▸ What you have to do: Could you retype exactly the line containing "Let’s shift focus" and every line after it in the data below, leaving out the pictures?

▸ Source material:
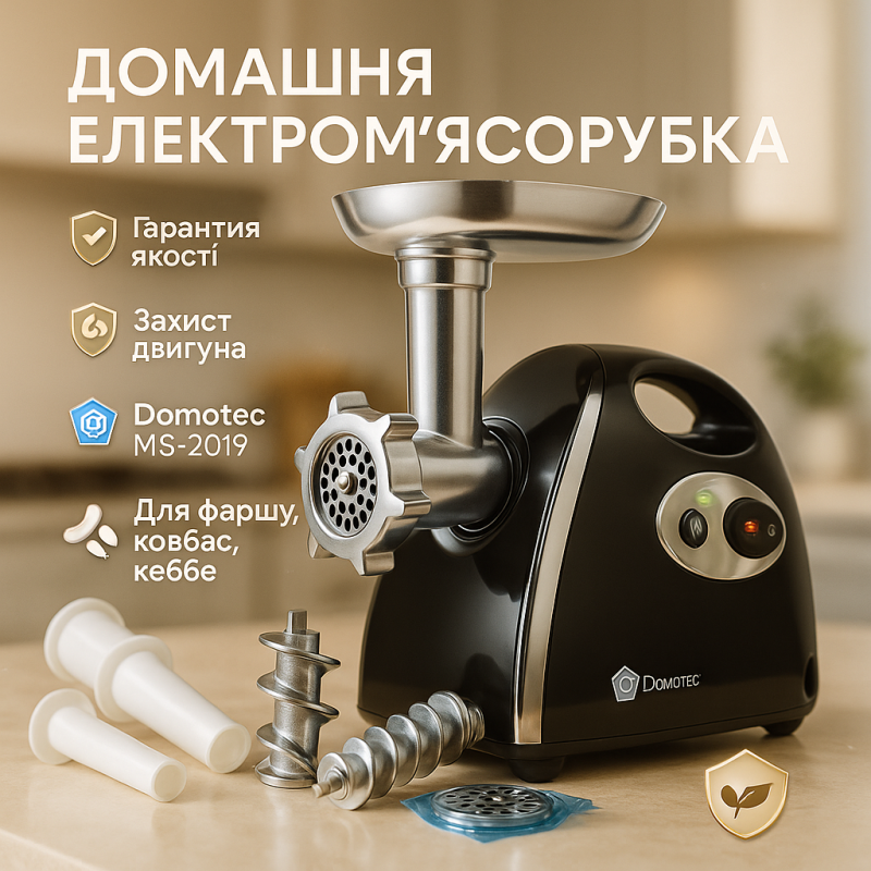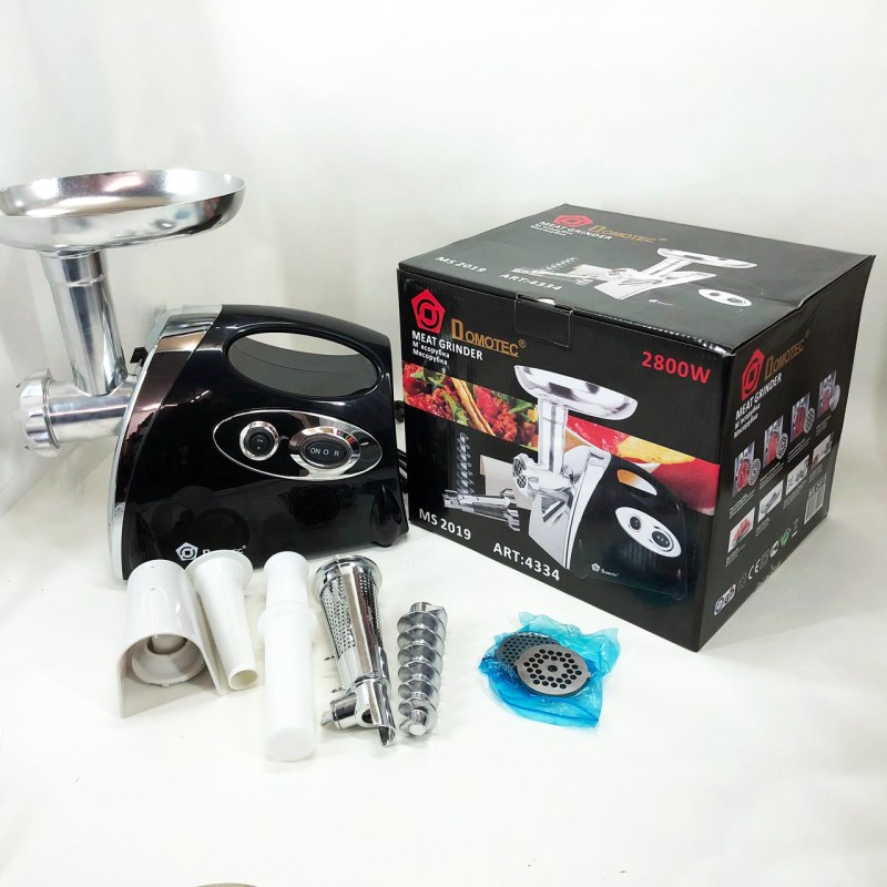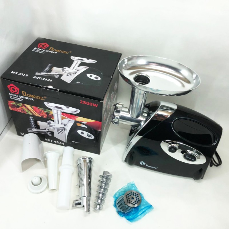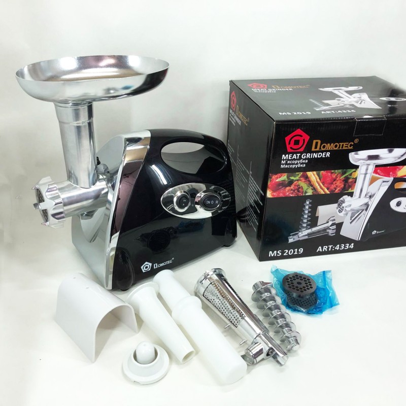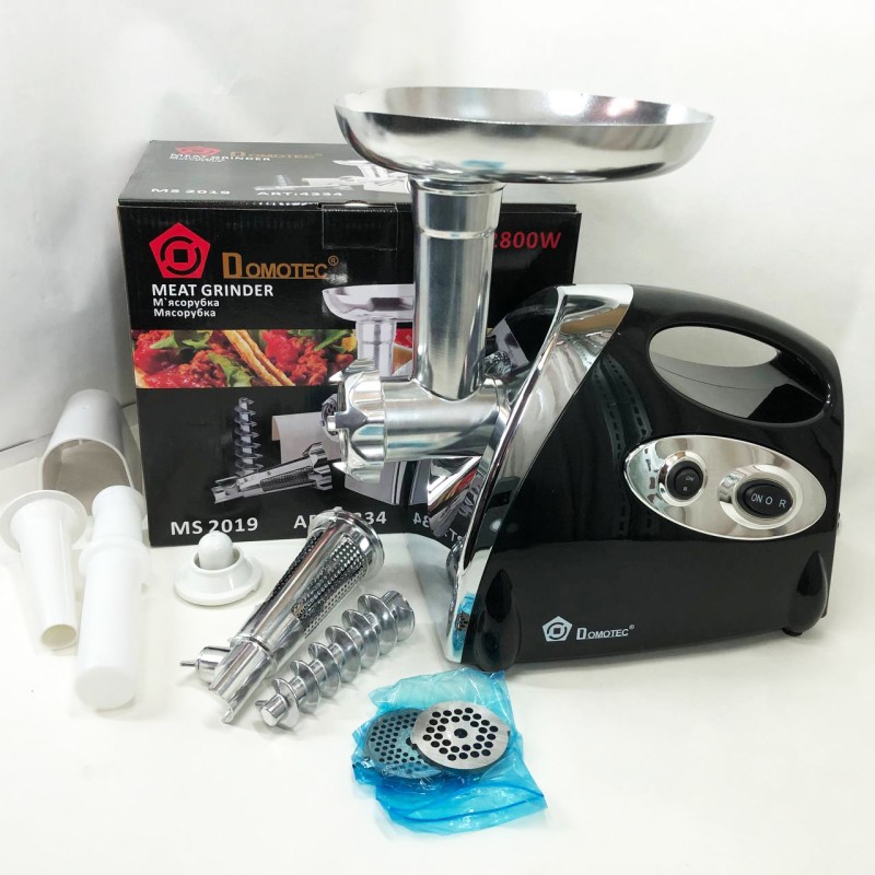 Электрическая мясорубка Domotec MS 2019 ― это необходимая вещь на кухне каждой хозяйки. При помощи данной мясорубки Вы сможете быстро приготовить нежнейший фарш для любых блюд, а так эе сок из овощей и фруктов.
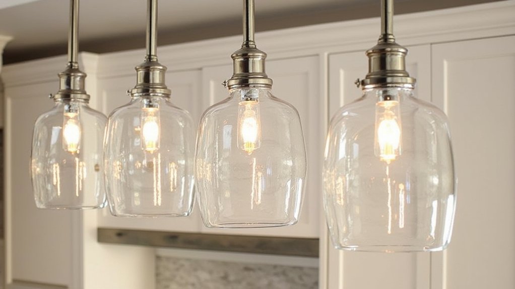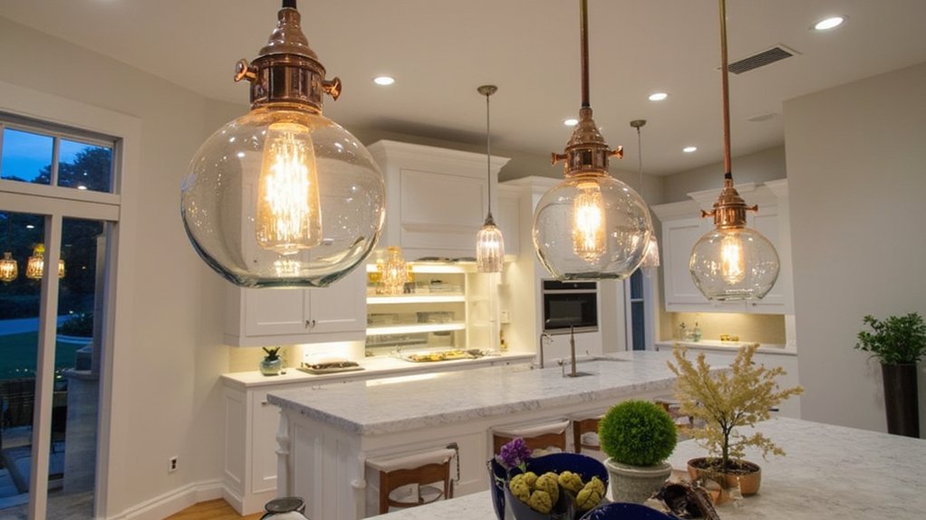 Let’s shift focus to another brilliant way to light up your kitchen with ambient island lighting. You can transform your island into a warm, inviting spot with the right fixtures. Hang pendant lights about 30-36 inches above the counter for ideal brightness, installing them every 2 feet for even glow.
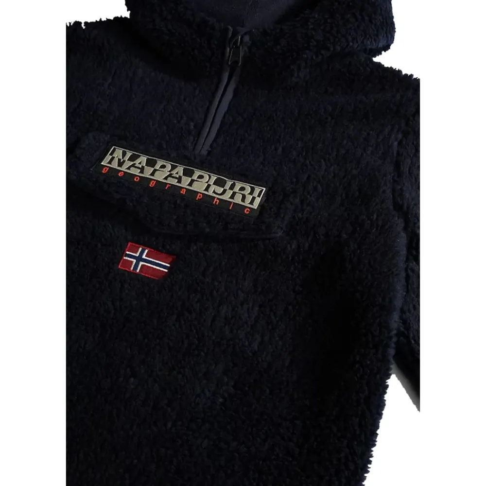 Napapijri Fleecejacke mit Kapuze und halbem Reißverschluss, konzipiert für das Tragen in mehreren Schichten bei kaltem Wetter, mit einer Kängurutasche mit Reißverschluss und einem verstellbaren Saum. Hauptmerkmale: Blau | Blu | Polyester | Geeignet für den Winter | Bietet Wärme | Halber Reißverschluss | Feste Kapuze | Kängurutasche mit Reißverschluss | Verstellbarer Saum mit elastischen Abschlüssen | Kapuzen-Ausschnitt | Halber Reißverschluss vorne | Kängurutasche mit Reißverschluss | Elastische Abschlüsse | Zusammensetzung & Pflege: 100% Polyester | Maschinenwäsche bei 30°C. Nicht bügeln. Nicht mit hellen Farben waschen. Keine Bleichmittel verwenden.

▸ Reply:
 Let’s shift focus to another brilliant way to light up your kitchen with ambient island lighting. You can transform your island into a warm, inviting spot with the right fixtures. Hang pendant lights about 30-36 inches above the counter for ideal brightness, installing them every 2 feet for even glow.
 Napapijri Fleecejacke mit Kapuze und halbem Reißverschluss, konzipiert für das Tragen in mehreren Schichten bei kaltem Wetter, mit einer Kängurutasche mit Reißverschluss und einem verstellbaren Saum. Hauptmerkmale: Blau | Blu | Polyester | Geeignet für den Winter | Bietet Wärme | Halber Reißverschluss | Feste Kapuze | Kängurutasche mit Reißverschluss | Verstellbarer Saum mit elastischen Abschlüssen | Kapuzen-Ausschnitt | Halber Reißverschluss vorne | Kängurutasche mit Reißverschluss | Elastische Abschlüsse | Zusammensetzung & Pflege: 100% Polyester | Maschinenwäsche bei 30°C. Nicht bügeln. Nicht mit hellen Farben waschen. Keine Bleichmittel verwenden.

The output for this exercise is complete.